Java spark and MongoDB: query only needed data

810 views Asked by At

I've been upgrading a JAVA spark project from using txt file input to reading from a MongoDB. My question is can we just query the data needed, for example, I have a millions of records. I want to get only the records from the beginning of this week and start processing on it.

Looking at MongoDB documentation, they all start like this:

  // Create a JavaSparkContext using the SparkSession's SparkContext object
    JavaSparkContext jsc = new JavaSparkContext(spark.sparkContext());

    // Load data and infer schema, disregard toDF() name as it returns Dataset
    Dataset<Row> implicitDS = MongoSpark.load(jsc).toDF();

Basically, the MongoSpark load the whole collection to the context and then transform it into a DF, which means even if I only need 1000 records of this week, the program still has to get the whole 1 million records before doing anything else. I wonder if there is something else which allow me to pass the query directly to MongoSpark instead of doing this?

Thank you.

1

There are 1 answers

0
Ross On

A DataFrame or even RDD's represent a lazy collection so doing:

Dataset<Row> implicitDS = MongoSpark.load(jsc).toDF();

Will not cause any compute to happen inside Spark and no data will be requested from MongoDB.

Only, when you do an action will Spark request data to be processed. At this stage the Mongo Spark Connector will partition the data you have requested and return the partition information to the Spark Driver.
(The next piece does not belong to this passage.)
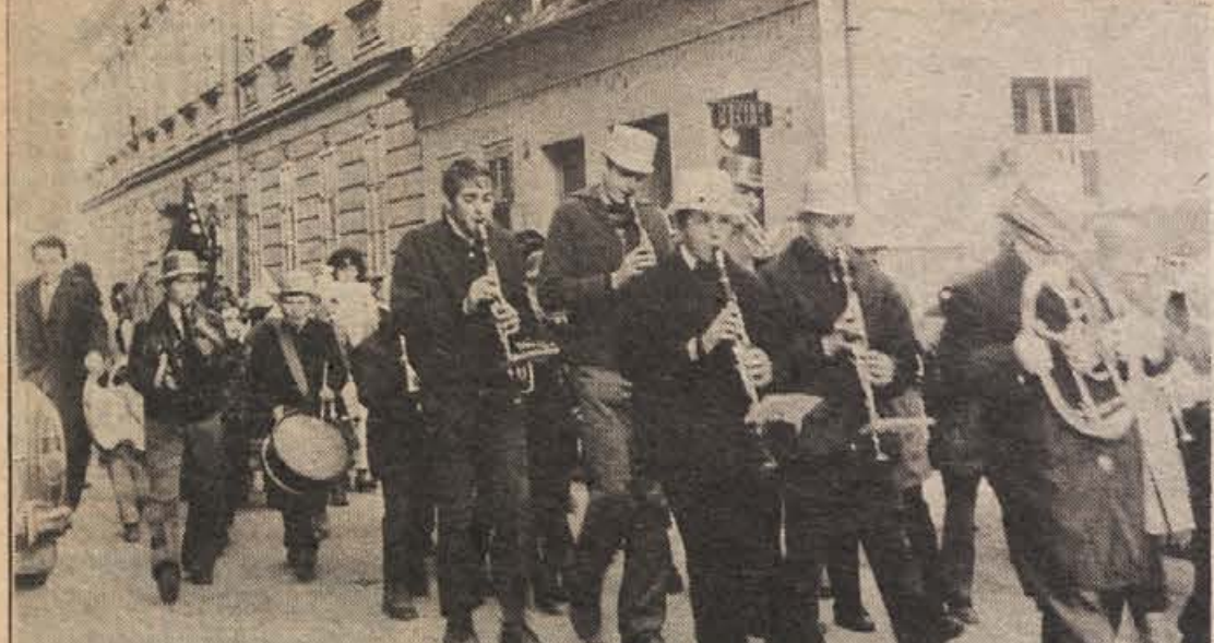
Učenci pihalnega oddelka pri glasbeni šoli v Brežicah so na pustni torek igrali na otroškem karnevalu. To je bil njihov prvi javni nastop. Ta skupina tvori jedro mladiške godbe na pihalah, ki jo ustanovljajo. Pozivu k sodelovanju v godbi se je odzvalo že precej otrok iz višjih razredov osnovne šole.

The Spark Driver will allocate tasks to the Spark Worker and each worker will ask for the relevant partition from the Mongo Spark Connector.

One of the nice features of DataFrames / Datasets is that when using filters the underlying Mongo Connector code constructs an aggregation pipeline to filter the data in MongoDB before sending it to Spark. This means that not all the data is sent across the wire! Just the data you need.

Things to be aware of make sure you are using the latest Mongo Spark Connector. Also there is a ticket to push the filters down into the partitioning logic as well. Potentially, reducing the number of empty partitions and providing further speed ups.